Beirut has long been a hub for NGOs, including those working with the roughly 1.5 million asylum seekers who fled the Syrian civil war. Many do not have refugee status and so are unable to leave, except to return to their home country. Some of those able to go back to Syria have done so, but for others it’s too dangerous. Baraa Seraj Aldin, who contributed to my reporting from Beirut in 2018, is one of those Syrian refugees who is now trapped in the country where he sought sanctuary a decade ago.

“Today, everyone in Lebanon is essentially a conflict-affected community,” says Naqiya Ebrahim, executive director of Seenaryo – an education, theatre and play charity that works with vulnerable people in Lebanon, Palestine and Jordan. “A huge number of our facilitators and participants have been affected [by the war]. One of our colleagues had her home destroyed just two days ago. People have had family members killed.” While half of the charity’s participants have already been displaced by the current conflict, only four per cent have received any support from the state, so Seenaryo has been focusing on providing them with the essentials – including shelter, food and cash.

Meanwhile, Lebanon’s state schools have been converted to shelters, so there is a huge need for alternative forms of education. “Teachers are still around and wanting to teach, but can’t because so many people have been displaced, and movement is so limited,” Ebrahim says. As a result, Seenaryo is using a programme developed during Covid, sending learning materials directly to parents via WhatsApp, with guidance on how to teach their children through play and a library of lesson plans.

Seenaryo is also working with shelters that need their support.
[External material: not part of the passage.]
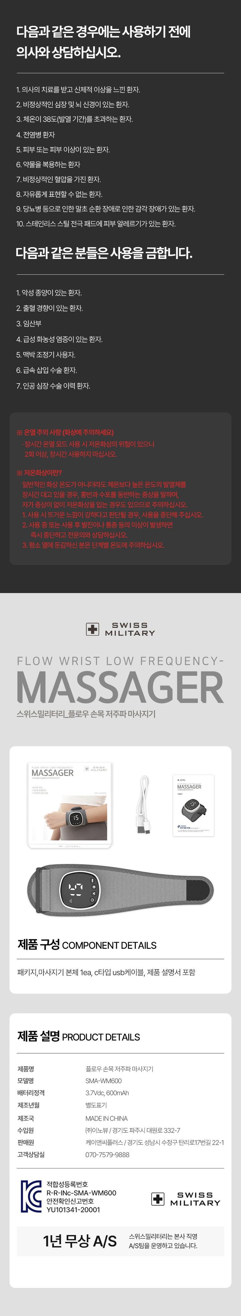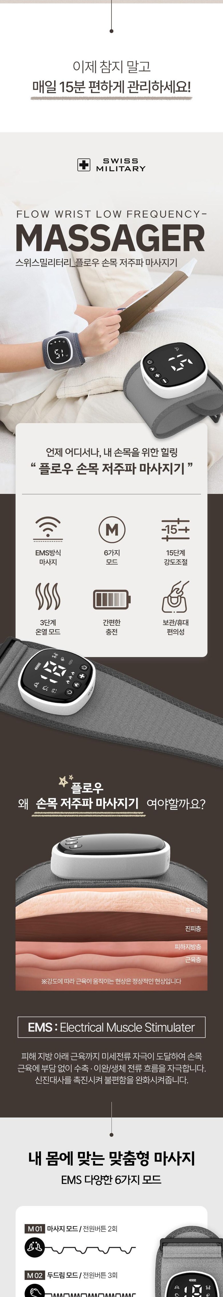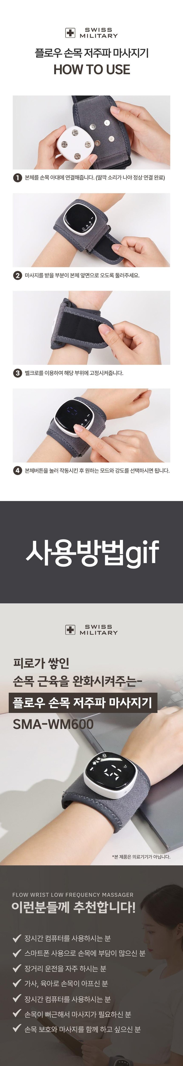 스위스밀리터리 플로우 손목 저주파 마사지기 SMA-WM600[온열+저주파]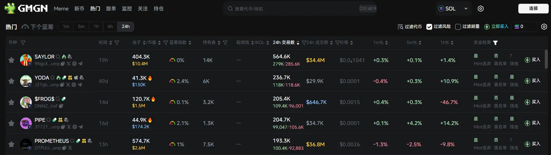 过去 24h Solana 热门代币前五依次为:SAYLOR 、 YODA、$FROG$、PIPE、PROMETHEUS

In addition to a crowdfunder, they are applying for small pots of funding to expand their operations. “Literally, as the money comes in, we go [and] find the next school, we find the next shelter. It doesn’t necessarily feel hugely strategic, but it’s also just a reality of how you work in these
circumstances,” Ebrahim says.

The Beirut Marathon had been scheduled for 10 November but was cancelled. It has been replaced by a virtual race that supporters across the world can register for, with the entrance fee going to support humanitarian work in the city. Participants can run the virtual route until 30 November, using any running app to show their distance and time, which will then be officially recognised by the Beirut Marathon Association.

It’s not just a race, the BMA says, but a symbol of solidarity, resilience and the unwavering spirit of Beirut. “We’re kind of shock resistant, or trauma resistant … it’s not the first war that we’ve experienced,” El Khoury says. “It’s always like, ‘Okay, there’s war, so we’re back to relief. Where can we help?’”

Beirutis may be helping each other, but international aid is still urgently needed in Lebanon. With winter approaching, the humanitarian crisis is likely to increase – whether the war ends by then, or continues to escalate.